A Wake-Up Call from the Milken Institute
California, long considered the heart of the global entertainment industry, is at a crossroads.
According to a new report from the Milken Institute, the state’s legendary status as the go-to destination for film and television production is rapidly slipping.

The think tank’s latest publication, titled “A Hollywood Reset: Restoring Stability in the California Entertainment Industry”, delivers a sobering message: California’s production environment is becoming too burdensome and expensive, and if changes aren’t made soon, the decline could become irreversible.

The report zeroes in on how outdated permitting processes, excessive fees, and a rigid tax credit system are driving productions—and jobs—out of state.
It also takes a broader view, highlighting the economic and structural issues that are making California increasingly unattractive to producers and studios.
Permitting Costs: A Barrier to Filming in L.A.
One of the main criticisms from the Milken Institute report is Los Angeles’ costly and complicated permitting process. For context, L.A.’s permit application fee stands at a whopping $3,724. Compare that to New York’s $1,000, London’s $540, and Atlanta’s $400, and it’s easy to see why productions might look elsewhere.

But it doesn’t stop at the application fee. L.A. tacks on additional charges for everything from drone usage to street closures. These fees stack up quickly, creating a serious financial burden for producers. And unlike its counterparts in New York or London, FilmLA—the independent nonprofit that handles permits in L.A.—isn’t government-funded. This means there’s no public subsidy to help ease costs for productions.
The Milken Institute calls this structure outdated and inefficient. They suggest that local governments start subsidizing FilmLA to reduce fees and attract more shoots to the city.
A Film Credit Program That’s Falling Behind
Another major red flag raised in the report is California’s film and television tax credit program.
Despite being a key incentive for keeping productions in-state, the current system is far from user-friendly.

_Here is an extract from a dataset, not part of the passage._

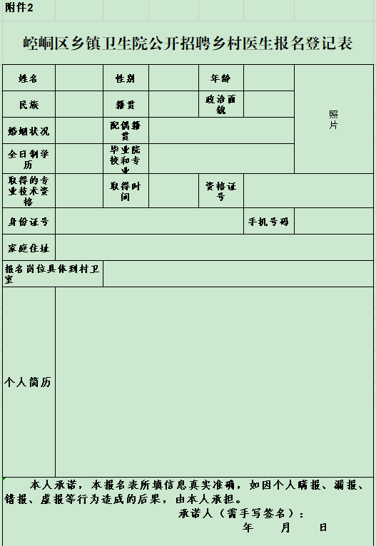 附件2-崆峒区乡镇卫生院公开招聘乡村医生报名登记表.xlsx
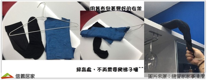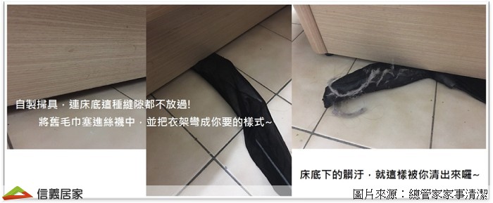 把家中一定有的舊衣架、舊絲襪、還有舊毛巾組合一下,自製掃具就出現囉;除了可以掃高處之外,就連床底的縫隙、櫥櫃的底下等容易藏汙納垢的地方都不放過!

It has a narrow, three-day annual application window, and it places a heavy burden on applicants to analyze and prove how their projects will create jobs.
The Milken Institute argues that this system is still tailored to an old-school network television model.
Today’s media landscape is far more diverse and fast-paced, and California’s credit program needs to reflect that.
The report suggests switching to a rolling application system and eliminating the job impact analysis requirement to make it easier for production companies to access support.
The Bigger Picture: Economic Pressures and Global Competition
Beyond California’s self-imposed hurdles, the Milken Institute points to several larger forces accelerating the industry’s decline in the state:
- High Cost of Living: The average home price in L.A. now exceeds that of New York, making the city unaffordable for many industry workers.
- Strong U.S. Dollar: A robust dollar incentivizes offshoring, allowing studios to stretch their budgets further in countries like Canada, the U.K., and Australia.
- Nationalized Healthcare Abroad: Countries with public healthcare systems offer another financial edge, as studios don’t have to contribute as heavily to employee benefits.
All of these factors contribute to a trend known as “runaway production”—where U.S.-based projects are filmed outside of California or even overseas to save money.